What you will do »
Your task is to transcribe each record exactly and to omit every image.

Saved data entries
__________________________________________________

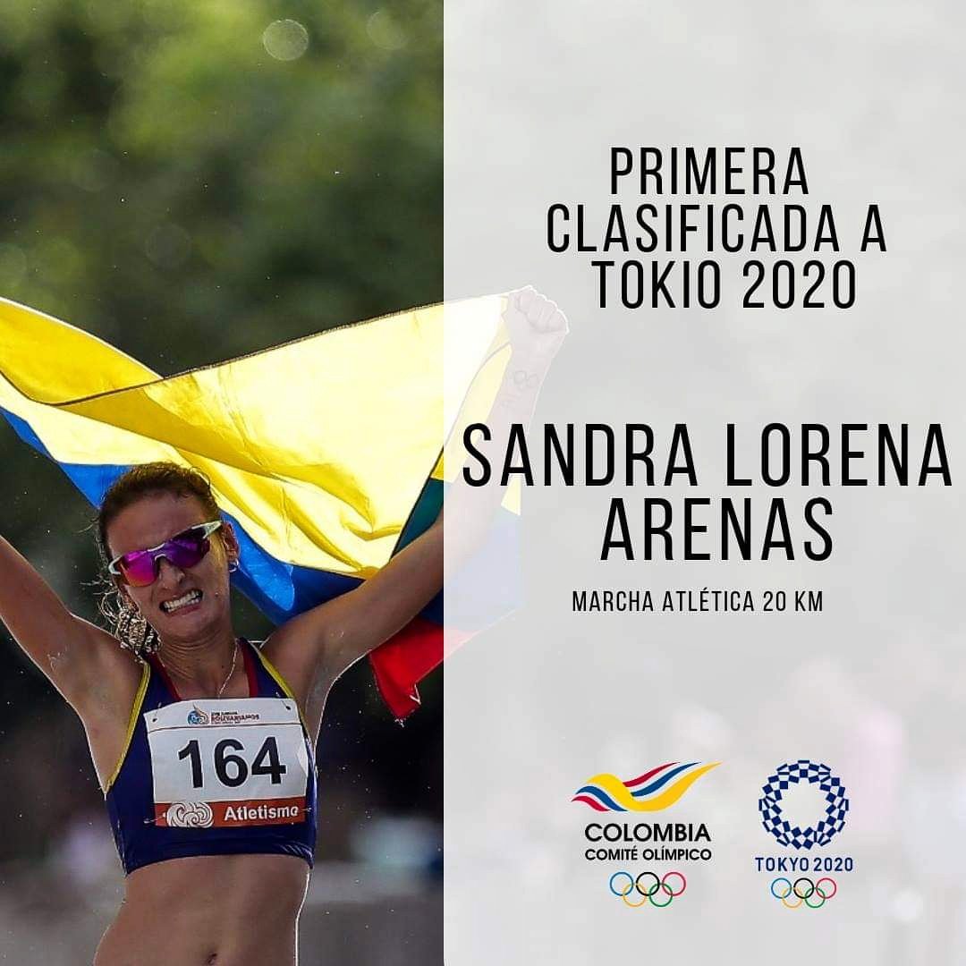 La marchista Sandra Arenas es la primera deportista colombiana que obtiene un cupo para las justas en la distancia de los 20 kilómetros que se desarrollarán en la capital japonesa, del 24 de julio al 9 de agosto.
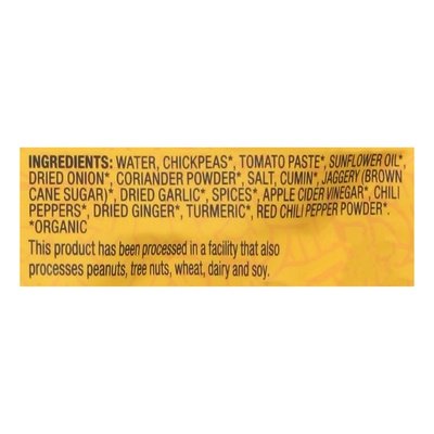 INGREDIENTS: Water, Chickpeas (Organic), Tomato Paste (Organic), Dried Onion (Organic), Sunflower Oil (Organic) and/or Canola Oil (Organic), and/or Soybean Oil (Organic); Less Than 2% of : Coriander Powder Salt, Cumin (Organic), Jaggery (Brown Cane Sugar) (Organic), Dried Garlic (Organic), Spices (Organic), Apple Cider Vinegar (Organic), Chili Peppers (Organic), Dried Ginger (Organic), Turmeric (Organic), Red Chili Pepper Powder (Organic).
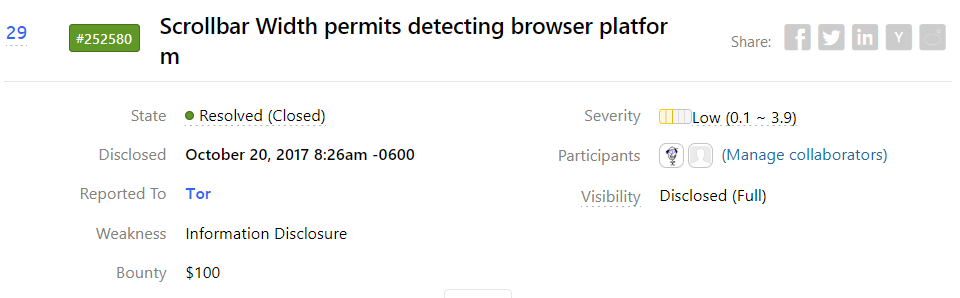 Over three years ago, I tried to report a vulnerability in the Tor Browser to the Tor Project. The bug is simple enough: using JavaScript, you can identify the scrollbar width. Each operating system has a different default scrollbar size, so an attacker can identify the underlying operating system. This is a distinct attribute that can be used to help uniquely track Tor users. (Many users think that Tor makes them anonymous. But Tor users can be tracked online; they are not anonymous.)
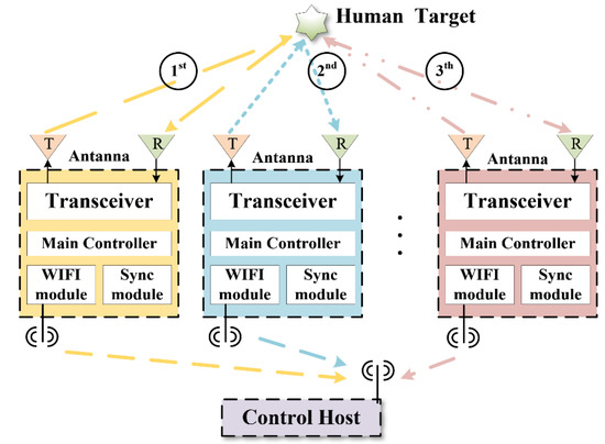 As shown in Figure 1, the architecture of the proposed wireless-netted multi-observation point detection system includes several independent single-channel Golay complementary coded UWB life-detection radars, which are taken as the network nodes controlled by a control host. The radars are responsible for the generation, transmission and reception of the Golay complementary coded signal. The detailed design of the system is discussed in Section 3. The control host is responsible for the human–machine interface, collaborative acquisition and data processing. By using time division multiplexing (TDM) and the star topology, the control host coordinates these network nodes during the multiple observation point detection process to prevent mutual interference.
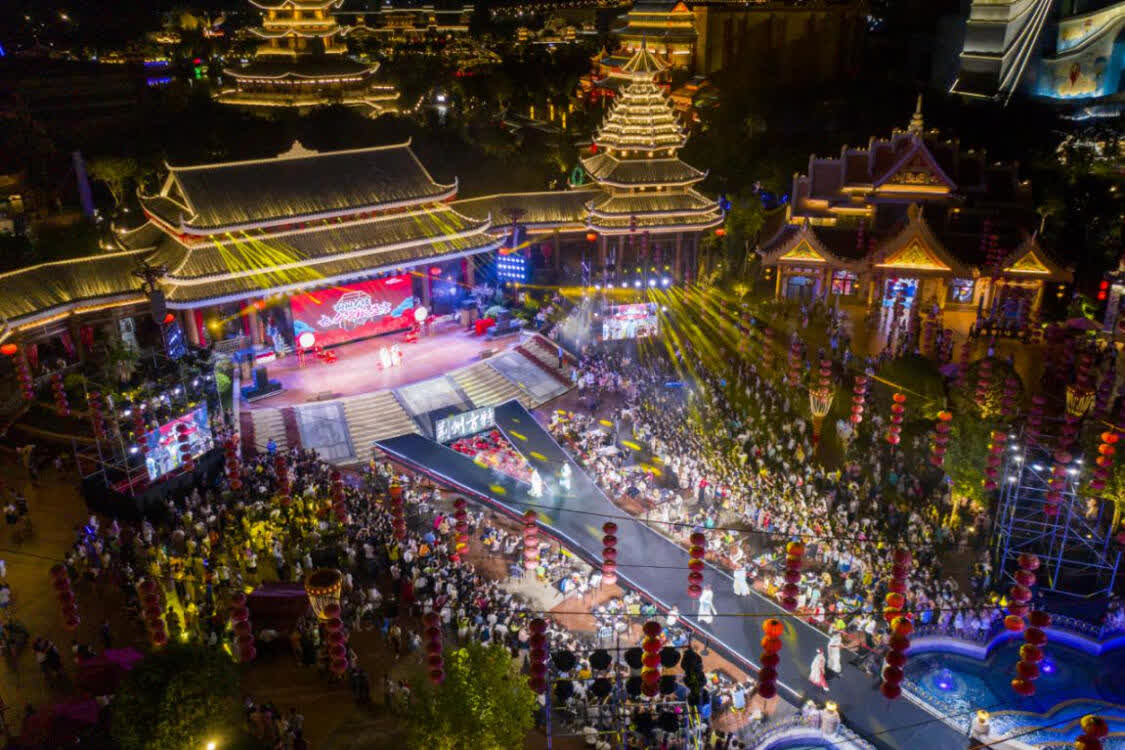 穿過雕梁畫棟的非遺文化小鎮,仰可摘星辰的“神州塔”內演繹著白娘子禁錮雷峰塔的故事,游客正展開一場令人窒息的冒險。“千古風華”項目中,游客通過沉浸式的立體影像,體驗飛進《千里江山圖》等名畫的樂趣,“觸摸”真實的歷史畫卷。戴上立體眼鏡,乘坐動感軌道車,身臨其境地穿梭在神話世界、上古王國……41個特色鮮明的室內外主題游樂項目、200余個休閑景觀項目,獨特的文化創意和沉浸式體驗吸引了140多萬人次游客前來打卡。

__________________________________________________

Result of this task »
 La marchista Sandra Arenas es la primera deportista colombiana que obtiene un cupo para las justas en la distancia de los 20 kilómetros que se desarrollarán en la capital japonesa, del 24 de julio al 9 de agosto.
 INGREDIENTS: Water, Chickpeas (Organic), Tomato Paste (Organic), Dried Onion (Organic), Sunflower Oil (Organic) and/or Canola Oil (Organic), and/or Soybean Oil (Organic); Less Than 2% of : Coriander Powder Salt, Cumin (Organic), Jaggery (Brown Cane Sugar) (Organic), Dried Garlic (Organic), Spices (Organic), Apple Cider Vinegar (Organic), Chili Peppers (Organic), Dried Ginger (Organic), Turmeric (Organic), Red Chili Pepper Powder (Organic).
 Over three years ago, I tried to report a vulnerability in the Tor Browser to the Tor Project. The bug is simple enough: using JavaScript, you can identify the scrollbar width. Each operating system has a different default scrollbar size, so an attacker can identify the underlying operating system. This is a distinct attribute that can be used to help uniquely track Tor users. (Many users think that Tor makes them anonymous. But Tor users can be tracked online; they are not anonymous.)
 As shown in Figure 1, the architecture of the proposed wireless-netted multi-observation point detection system includes several independent single-channel Golay complementary coded UWB life-detection radars, which are taken as the network nodes controlled by a control host. The radars are responsible for the generation, transmission and reception of the Golay complementary coded signal. The detailed design of the system is discussed in Section 3. The control host is responsible for the human–machine interface, collaborative acquisition and data processing. By using time division multiplexing (TDM) and the star topology, the control host coordinates these network nodes during the multiple observation point detection process to prevent mutual interference.
 穿過雕梁畫棟的非遺文化小鎮,仰可摘星辰的“神州塔”內演繹著白娘子禁錮雷峰塔的故事,游客正展開一場令人窒息的冒險。“千古風華”項目中,游客通過沉浸式的立體影像,體驗飛進《千里江山圖》等名畫的樂趣,“觸摸”真實的歷史畫卷。戴上立體眼鏡,乘坐動感軌道車,身臨其境地穿梭在神話世界、上古王國……41個特色鮮明的室內外主題游樂項目、200余個休閑景觀項目,獨特的文化創意和沉浸式體驗吸引了140多萬人次游客前來打卡。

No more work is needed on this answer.